It has been common practice for a long time in the parallel computing community, to use the Speedup of an algorithm or benchmark as a single figure-of-merit (that Holy Grail again) for judging both computer and algorithmic performance, as though it were an absolute measure of performance. A little thought shows that this practice is, in general, invalid and can lead to very false conclusions. Computers have even been purchased on the basis of high Speedup numbers, by people forgetting to take into account the slow speed of their processors. It is also common experience that you can always obtain good scaling behaviour or speedup if one uses slow enough processors, and that obtaining good speedup with fast processors is difficult. In other words to look at Speedup in isolation without taking into account the speed of the processors is unrealistic and pointless. For this reason the Parkbench committee came out strongly against the use of the Speedup metric in reporting benchmark results, as is seen in the following paragraph taken from the report.
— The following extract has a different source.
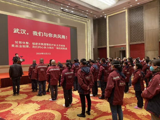 2020年,是極不尋常的一年,突來(lái)的疫情籠罩中華大地,湖北武漢等城市被按下了暫停鍵。去年今天2020年1月27日,庚子年大年初三,福建省首批支援湖北醫(yī)療隊(duì)肩上滿載期望和信念,出征武漢。2月2日,醫(yī)療隊(duì)進(jìn)駐金銀潭醫(yī)院接管4樓兩個(gè)病區(qū),直至2月24日全隊(duì)原地休整。經(jīng)過(guò)短暫休整后,全員請(qǐng)戰(zhàn),重返金銀潭醫(yī)院的崗位。3月20日上午,福建省首批支援湖北醫(yī)療隊(duì)正式將金銀潭醫(yī)院綜合樓4樓病房移交給浙江省人民醫(yī)院醫(yī)療隊(duì),圓滿完成了在武漢的使命。3月24日,福建首批支援湖北醫(yī)療隊(duì)抵達(dá)福州長(zhǎng)樂機(jī)場(chǎng),支援武漢58天的隊(duì)員們受到了熱情歡迎。在金銀潭醫(yī)院工作期間,醫(yī)療隊(duì)取得了醫(yī)護(hù)零感染、病人零死亡的成績(jī)。

This is followed by a paragraph (not in the report) discussing the use of Speedup to compare algorithms. Interestingly, Speedup does appear in the theory of scaling presented in Chapter-4 as the natural and correct way to define "dimensionless performance". The fact that the word "dimensionless" is used reinforces the fact that Speedup is not an absolute measure, and cannot correctly be used as one.
2.6.1
Speedup and Efficiency
"Parallel speedup" is a popular metric that has been used for many years in the study of parallel computer performance. However, its definition is open to ambiguity and misuse because it always begs the question "speedup over what?"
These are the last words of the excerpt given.